You are currently viewing The 4 things to focus on first (Opinion)

The 4 things to focus on first (Opinion)

The COVID-19 pandemic has contributed to high teacher and principal turnover rates, intensive student support needs, and significant disruption in school districts and communities. Now more than ever, new principals will need to be proactive in developing the professional skills, expertise, and dispositions necessary to lead, given the uncertainty that prevails in public education.

Based on our own experiences leading schools and preparing future school leaders, we believe that new school leaders should proactively focus on four areas of learning: work, school, community and district.

1. Learn your job. New principals likely have experience as assistant principals, but taking over a campus in the midst of a pandemic comes with a steep learning curve. To shorten the curve, principals cannot expect or even expect their district to provide them with a quality mentor. Instead, principals should create a list of potential mentors who know the day-to-day work of principals, understand the different elements of schools, and have a proven track record of success.

About this series

In this bi-weekly columnprincipals and other authorities in school leadership, including researchers, professors of education, district administrators, and vice-principals, offer timely and timeless advice to their peers.
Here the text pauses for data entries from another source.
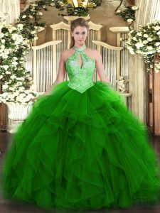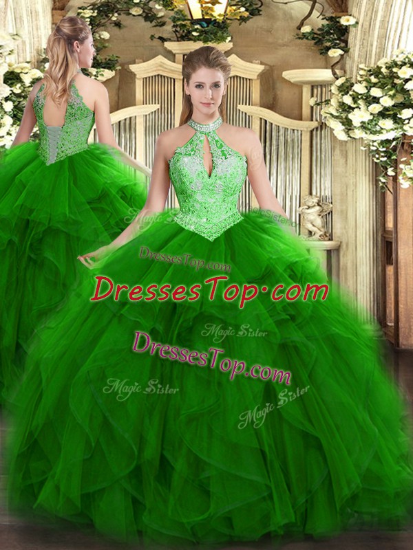 Beautiful Green Lace Up Halter Top Ruffles and Sequins Quinceanera Dress Organza Sleeveless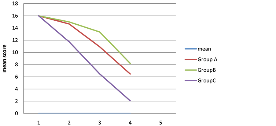 Table 3. The mean and SD of total score within group A, B and C in each visit.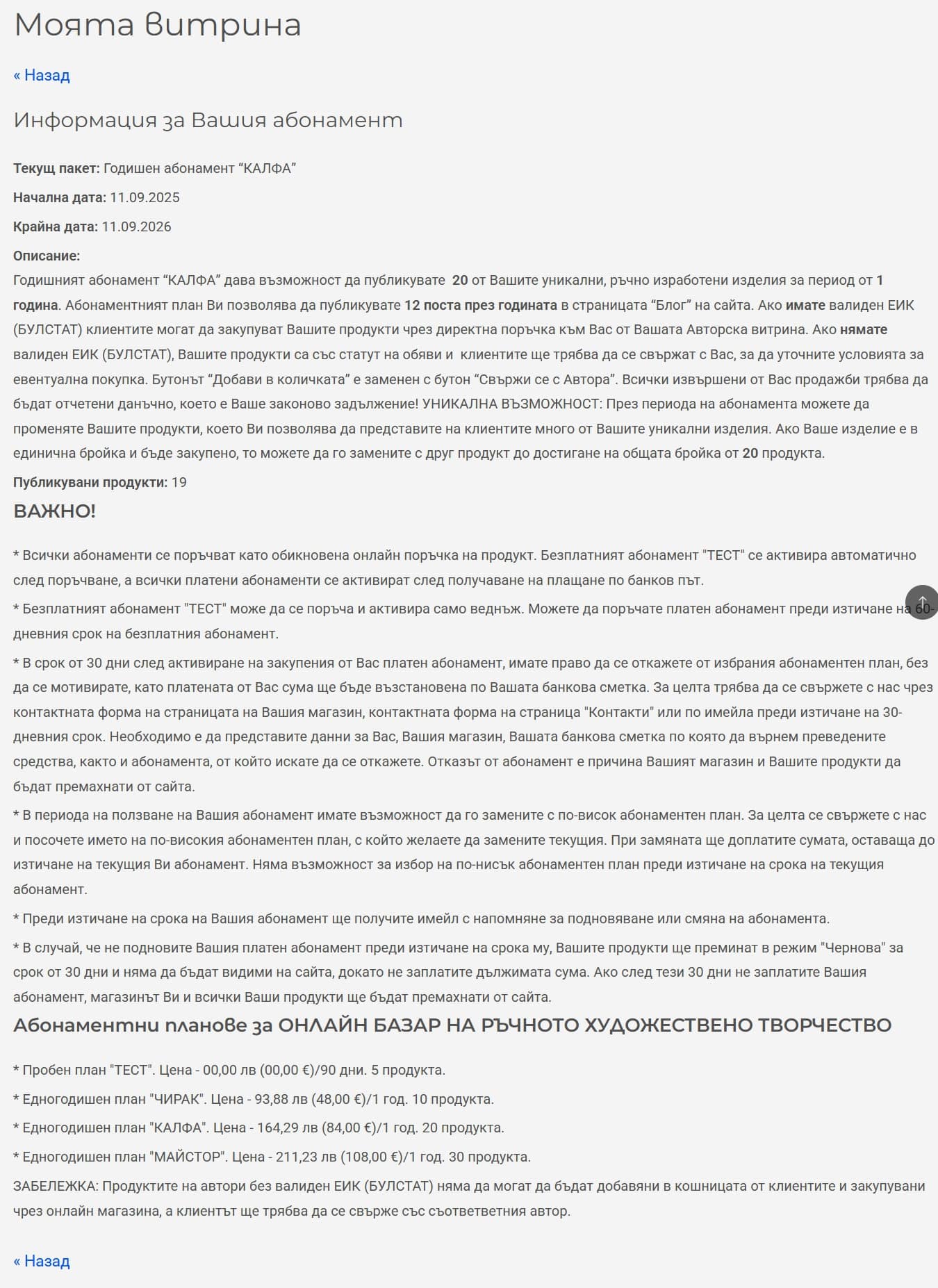 - В случай, че не подновите Вашия платен абонамент, след изтичане на срока Вашите продукти ще преминат в режим "Чернова" за 30 дни и няма да бъдат видими на сайта, докато не закупите абонаментен план. Ако и след тези 30 дни не закупите абонамент, Вашата витрина и всички Ваши продукти ще бъдат премахнати от сайта.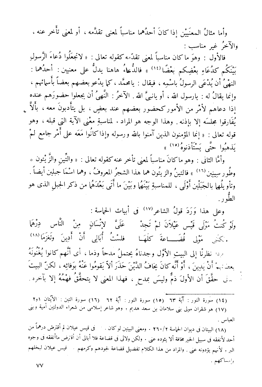 أما الثاني: وهو ما كان مناسبًا لمعنى تأخَّر عنه كقوله تعالى: {وَالتِّينِ وَالزَّيْتُونِ، وَطُورِ سِينِينَ} 3 فالتين والزيتون هما هذا الشجر المعروف، وهما اسما جبلين أيضًا، وتأويلهما بالجبلين أولى، للمناسبة بينهما وبين ما أتى بعدهما من ذكر الجبل الذي هو الطور.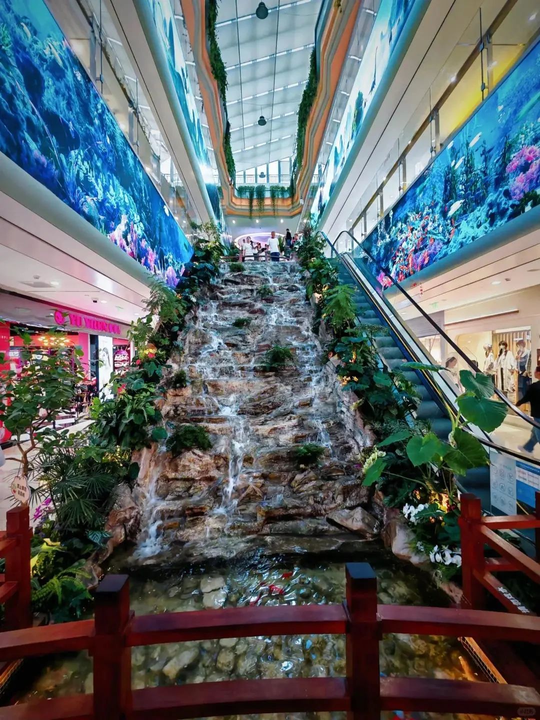 不仅有网红瀑布贯穿商场五层楼高,还可以坐上顶楼的摩天轮到达最高处,俯瞰城市的灯火阑珊。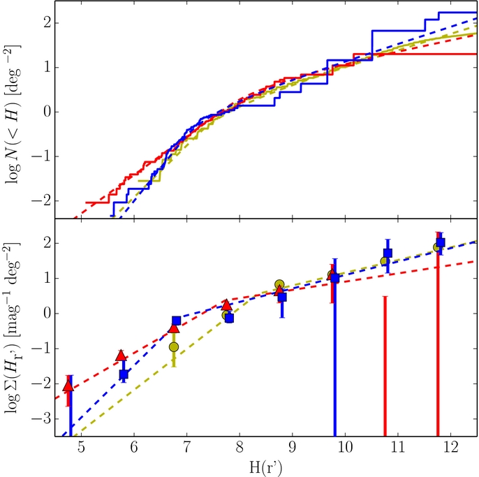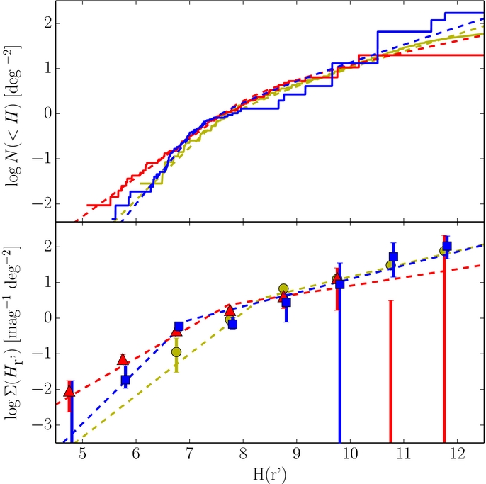 Figure 1. Cumulative (top) and differential (bottom) histograms of the observed absolute magnitude distributions evaluated with use of the synthetic CFEPS radial distribution. The solid lines and points present the observed distributions. Points and lines are color coded according to the populations they show—red triangles: hot population, blue squares: cold population, yellow circles: Jupiter Trojans. Cold population has been shifted by 0.05 mag for clarity. Error bars are the 1σ extents from the Monte Carlo calculations (see Section 3.1) and the Poissonian 1σ intervals added in quadrature. 2σ Poissonian upper limits are shown where no objects have been detected. The dashed lines represent the best-fits to the distributions (see Section 3.2).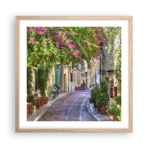 Pôster com moldura de carvalho claro - Beco florido - 50x50 cm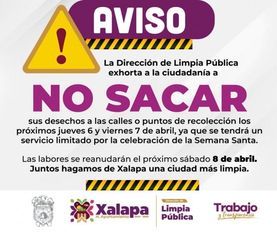 XALAPA.- Por la celebración de la Semana Santa y con el fin de cumplir con las Condiciones Generales de Trabajo que rigen a los empleados municipales, los días jueves 6 y viernes 7 de abril se limitará el servicio de recolección de desechos sólidos urbanos, por lo que se exhorta a la ciudadanía a no sacar sus residuos a las calles o puntos de recolección durante estos días, si no hay toque de campana.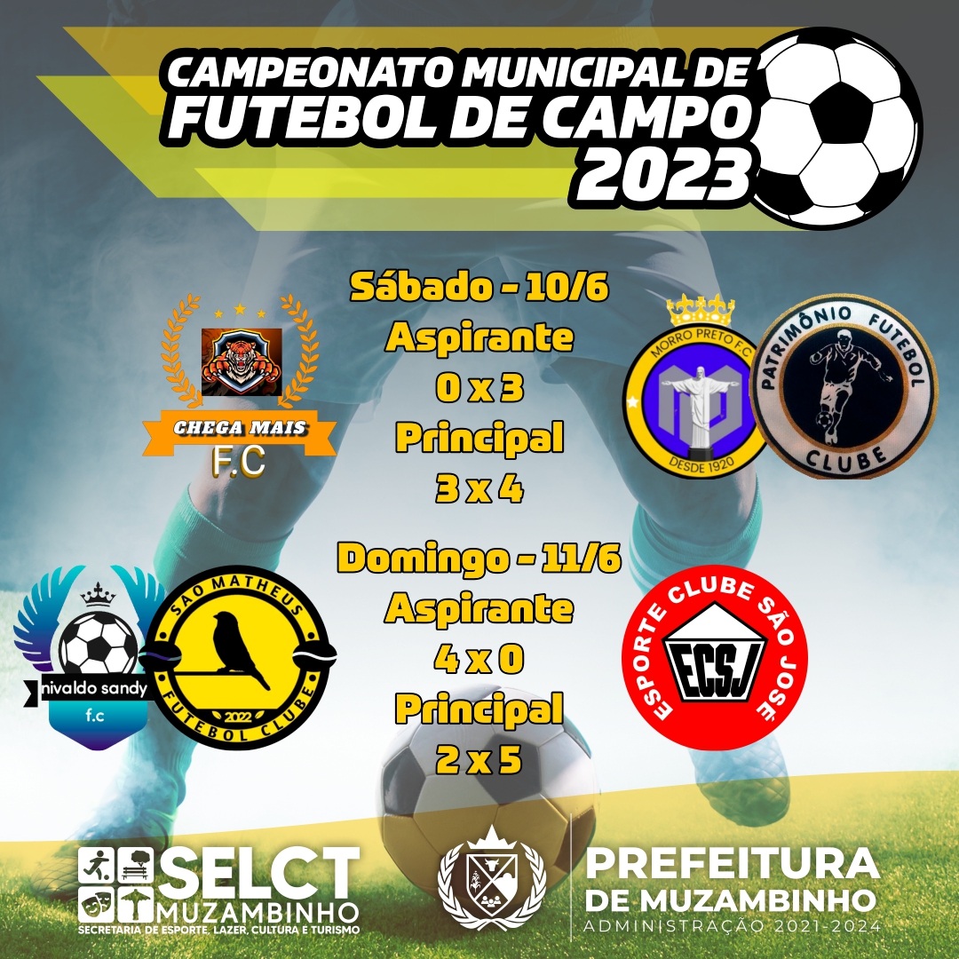 Confira os resultados das partidas do Campeonato Municipal de Futebol de Campo 2023 disputadas no último final de semana no Estádio Prof. Antônio Milhão.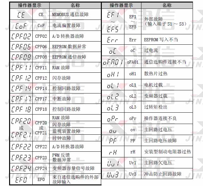安川變頻器在出現故障代碼時,一共有三種表現形式:

At the start of the school year, principals should consider choosing a mentor who can provide regular, non-evaluative feedback and guidance. For example, the mentor can schedule a year-long planning session to discuss monthly action items that a new principal may not consider or the mentor can observe how the principal facilitates various types of meetings and provides targeted coaching. on facilitating meetings.

In our experience, having an unbiased and supportive mentor can help a new manager recognize their talents and strengths so they can be productive immediately. A mentor can also help the principal identify areas of growth, which can be cultivated over time or supplemented by other campus administrators or teacher leaders.
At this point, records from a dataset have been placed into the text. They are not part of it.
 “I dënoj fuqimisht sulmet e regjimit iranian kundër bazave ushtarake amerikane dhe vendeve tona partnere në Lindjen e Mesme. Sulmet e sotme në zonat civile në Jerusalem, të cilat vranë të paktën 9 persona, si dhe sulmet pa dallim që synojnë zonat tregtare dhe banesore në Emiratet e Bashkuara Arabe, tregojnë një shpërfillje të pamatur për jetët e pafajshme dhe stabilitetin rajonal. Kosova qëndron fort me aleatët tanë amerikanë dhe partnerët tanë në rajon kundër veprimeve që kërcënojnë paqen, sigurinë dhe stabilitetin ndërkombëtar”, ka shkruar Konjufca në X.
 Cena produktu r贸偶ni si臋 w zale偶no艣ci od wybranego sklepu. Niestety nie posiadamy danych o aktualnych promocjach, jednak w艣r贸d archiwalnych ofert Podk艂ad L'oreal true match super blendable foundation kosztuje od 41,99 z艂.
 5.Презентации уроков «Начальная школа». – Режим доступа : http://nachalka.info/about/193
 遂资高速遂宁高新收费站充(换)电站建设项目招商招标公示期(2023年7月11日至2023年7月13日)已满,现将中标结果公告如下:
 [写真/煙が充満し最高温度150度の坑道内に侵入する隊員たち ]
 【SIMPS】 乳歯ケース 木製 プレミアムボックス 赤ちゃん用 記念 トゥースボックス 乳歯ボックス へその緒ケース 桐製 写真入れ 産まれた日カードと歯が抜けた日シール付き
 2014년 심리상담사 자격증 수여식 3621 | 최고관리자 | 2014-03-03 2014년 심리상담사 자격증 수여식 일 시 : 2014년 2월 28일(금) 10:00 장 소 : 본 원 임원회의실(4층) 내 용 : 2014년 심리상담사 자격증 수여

Mentors can also validate the principal’s experiences with school management and offer support in implementing priorities. Mentors can be intentional questioners who provide advice on how to navigate difficult situations, expand your professional network, and provide resources to build your toolkit.

2. Learn your school. New principals will need to quickly learn the history, standard operating procedures, strengths, and areas for growth of their campus. To learn quickly, principals will need to prioritize one-on-one meetings and small group discussions with all campus stakeholders, including custodial staff, secretarial staff, attendance workers, teachers, and counselors.
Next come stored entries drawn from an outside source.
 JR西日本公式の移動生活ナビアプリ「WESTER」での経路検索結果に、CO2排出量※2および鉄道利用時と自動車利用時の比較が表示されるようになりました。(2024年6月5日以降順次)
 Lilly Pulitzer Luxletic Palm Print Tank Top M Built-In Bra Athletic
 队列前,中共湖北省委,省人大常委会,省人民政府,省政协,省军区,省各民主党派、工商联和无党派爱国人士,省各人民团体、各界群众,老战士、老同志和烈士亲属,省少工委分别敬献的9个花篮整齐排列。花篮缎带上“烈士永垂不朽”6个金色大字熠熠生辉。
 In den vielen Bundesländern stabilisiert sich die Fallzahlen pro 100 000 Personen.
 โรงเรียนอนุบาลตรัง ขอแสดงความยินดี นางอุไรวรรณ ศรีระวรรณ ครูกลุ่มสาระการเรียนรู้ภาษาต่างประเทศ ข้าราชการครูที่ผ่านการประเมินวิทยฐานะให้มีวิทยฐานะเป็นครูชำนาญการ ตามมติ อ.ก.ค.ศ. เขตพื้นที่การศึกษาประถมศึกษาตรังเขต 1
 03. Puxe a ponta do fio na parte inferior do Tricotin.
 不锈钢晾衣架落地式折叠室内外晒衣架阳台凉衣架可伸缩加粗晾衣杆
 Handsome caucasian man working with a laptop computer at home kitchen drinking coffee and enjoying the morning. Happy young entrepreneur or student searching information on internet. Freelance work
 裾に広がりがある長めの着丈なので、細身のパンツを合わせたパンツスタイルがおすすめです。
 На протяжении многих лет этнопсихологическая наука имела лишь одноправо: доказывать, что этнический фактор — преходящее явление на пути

Principals are more likely to thrive when they know their central office staff and have strong support networks.

In addition, principals will need to acquire knowledge of curriculum, assessment, instruction, and interventions from senior and veteran teachers as well as special education and bilingual education teachers. This information will allow school administrators to respond to problems, identify and use talents where they are needed and build the capacities of struggling teachers.

For example, many teachers possess a wealth of institutional and pedagogical knowledge. Verification of staff expertise through one-on-one meetings and focus groups can allow the principal to gain insight into common challenges and potential teaching experts who can help build capacity school-wide.

3. Learn your district. First-time principals may or may not be new to the district. Either way, principals are more likely to thrive when they know their central office staff and have strong support networks.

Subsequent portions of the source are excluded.